### TO DO
Once you have checked the records that follow, state how many of their lines hold "Salvatierra", giving the number only.

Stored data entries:
****************************************

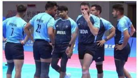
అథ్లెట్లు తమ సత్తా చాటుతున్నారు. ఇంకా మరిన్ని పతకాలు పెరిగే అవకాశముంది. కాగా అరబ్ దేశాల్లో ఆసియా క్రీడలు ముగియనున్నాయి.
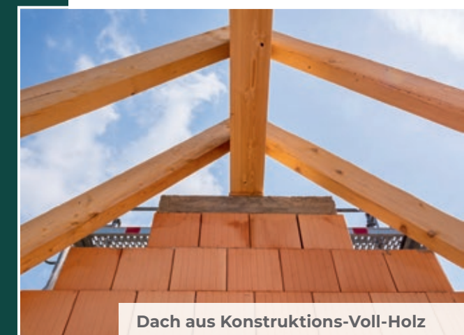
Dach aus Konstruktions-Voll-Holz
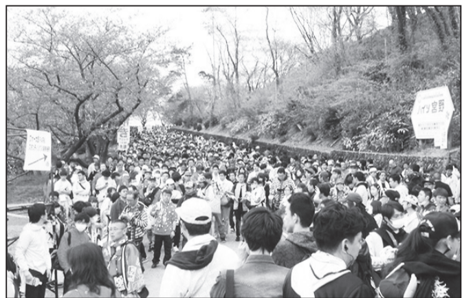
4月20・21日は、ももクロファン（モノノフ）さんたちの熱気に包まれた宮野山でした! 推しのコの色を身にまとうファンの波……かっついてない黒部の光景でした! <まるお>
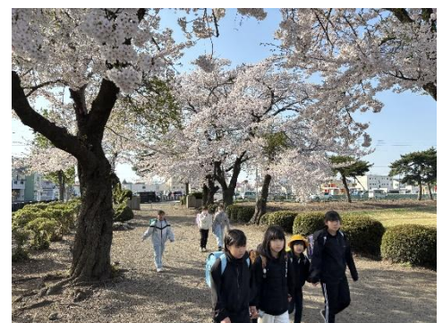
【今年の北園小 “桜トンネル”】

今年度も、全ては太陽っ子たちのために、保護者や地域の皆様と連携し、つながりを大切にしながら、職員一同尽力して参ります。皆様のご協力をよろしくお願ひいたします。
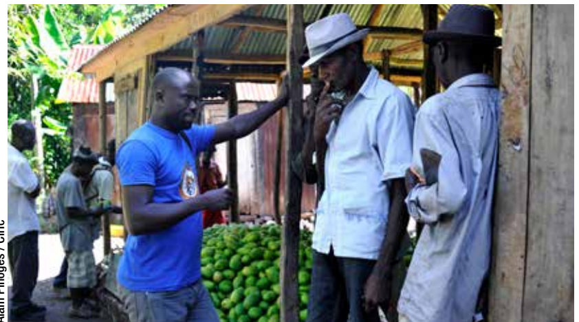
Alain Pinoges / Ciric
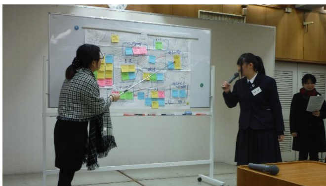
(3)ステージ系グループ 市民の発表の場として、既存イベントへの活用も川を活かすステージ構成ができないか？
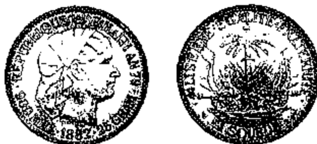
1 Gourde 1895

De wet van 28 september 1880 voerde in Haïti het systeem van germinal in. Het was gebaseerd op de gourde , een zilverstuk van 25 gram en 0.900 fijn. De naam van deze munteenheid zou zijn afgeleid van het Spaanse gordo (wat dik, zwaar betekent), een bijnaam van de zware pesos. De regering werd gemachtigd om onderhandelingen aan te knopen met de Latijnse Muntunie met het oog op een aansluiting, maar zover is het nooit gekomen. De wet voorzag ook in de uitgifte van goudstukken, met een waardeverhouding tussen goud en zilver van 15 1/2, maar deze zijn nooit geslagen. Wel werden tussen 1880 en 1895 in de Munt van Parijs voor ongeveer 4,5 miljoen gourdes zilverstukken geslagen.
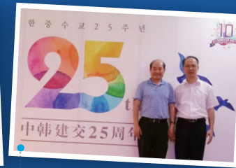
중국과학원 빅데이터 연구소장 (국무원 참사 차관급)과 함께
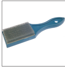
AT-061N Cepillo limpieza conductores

****************************************

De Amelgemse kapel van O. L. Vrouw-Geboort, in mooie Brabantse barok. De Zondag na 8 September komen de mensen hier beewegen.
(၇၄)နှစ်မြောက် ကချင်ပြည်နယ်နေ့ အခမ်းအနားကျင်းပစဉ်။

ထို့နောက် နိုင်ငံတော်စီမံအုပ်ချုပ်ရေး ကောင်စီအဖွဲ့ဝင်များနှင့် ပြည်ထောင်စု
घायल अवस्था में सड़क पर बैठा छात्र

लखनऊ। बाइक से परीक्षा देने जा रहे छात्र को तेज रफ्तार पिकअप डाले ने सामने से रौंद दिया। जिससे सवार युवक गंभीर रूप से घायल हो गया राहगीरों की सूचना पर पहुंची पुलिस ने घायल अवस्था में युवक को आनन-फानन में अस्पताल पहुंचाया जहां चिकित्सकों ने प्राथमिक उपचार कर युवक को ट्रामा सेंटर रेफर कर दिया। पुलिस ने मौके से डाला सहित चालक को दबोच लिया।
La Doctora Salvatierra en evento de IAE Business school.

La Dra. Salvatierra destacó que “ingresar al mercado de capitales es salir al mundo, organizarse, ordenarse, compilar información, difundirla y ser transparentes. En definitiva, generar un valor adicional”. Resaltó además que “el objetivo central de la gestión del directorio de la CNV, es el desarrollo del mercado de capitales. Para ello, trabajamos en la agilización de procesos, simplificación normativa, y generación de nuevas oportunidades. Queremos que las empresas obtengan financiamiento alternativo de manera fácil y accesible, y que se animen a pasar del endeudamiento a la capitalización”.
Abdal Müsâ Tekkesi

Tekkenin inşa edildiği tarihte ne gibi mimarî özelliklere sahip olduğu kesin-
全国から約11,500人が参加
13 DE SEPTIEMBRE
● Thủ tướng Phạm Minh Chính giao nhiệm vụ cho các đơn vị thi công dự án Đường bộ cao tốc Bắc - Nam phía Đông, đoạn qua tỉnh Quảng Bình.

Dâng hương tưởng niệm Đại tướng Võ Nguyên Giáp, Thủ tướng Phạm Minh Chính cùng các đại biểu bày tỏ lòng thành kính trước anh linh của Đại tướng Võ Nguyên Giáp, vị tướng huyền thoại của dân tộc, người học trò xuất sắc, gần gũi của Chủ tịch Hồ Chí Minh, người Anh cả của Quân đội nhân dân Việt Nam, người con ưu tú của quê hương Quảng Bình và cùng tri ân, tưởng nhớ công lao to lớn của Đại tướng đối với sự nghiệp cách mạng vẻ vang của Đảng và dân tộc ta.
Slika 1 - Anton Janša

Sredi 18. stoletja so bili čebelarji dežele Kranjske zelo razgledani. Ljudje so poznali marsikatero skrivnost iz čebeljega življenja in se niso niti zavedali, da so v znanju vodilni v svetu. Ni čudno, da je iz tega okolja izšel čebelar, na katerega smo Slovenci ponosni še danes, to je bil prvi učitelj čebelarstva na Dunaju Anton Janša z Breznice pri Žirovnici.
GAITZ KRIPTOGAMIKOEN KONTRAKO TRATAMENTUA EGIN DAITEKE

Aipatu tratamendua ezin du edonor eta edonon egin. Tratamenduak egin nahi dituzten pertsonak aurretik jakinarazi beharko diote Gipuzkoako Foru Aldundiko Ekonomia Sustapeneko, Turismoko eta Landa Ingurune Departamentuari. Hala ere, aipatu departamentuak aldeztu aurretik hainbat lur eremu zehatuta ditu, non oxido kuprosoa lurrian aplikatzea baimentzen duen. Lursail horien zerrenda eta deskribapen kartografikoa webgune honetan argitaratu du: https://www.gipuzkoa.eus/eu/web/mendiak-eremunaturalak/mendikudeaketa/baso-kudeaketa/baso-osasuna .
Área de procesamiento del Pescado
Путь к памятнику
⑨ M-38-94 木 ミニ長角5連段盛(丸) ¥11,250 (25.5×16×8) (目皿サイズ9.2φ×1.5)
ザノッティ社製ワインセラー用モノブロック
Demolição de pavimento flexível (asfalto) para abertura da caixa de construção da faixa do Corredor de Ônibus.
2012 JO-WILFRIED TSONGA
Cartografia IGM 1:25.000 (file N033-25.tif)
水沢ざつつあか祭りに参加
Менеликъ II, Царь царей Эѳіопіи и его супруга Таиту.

****************************************

### SOLUTION
2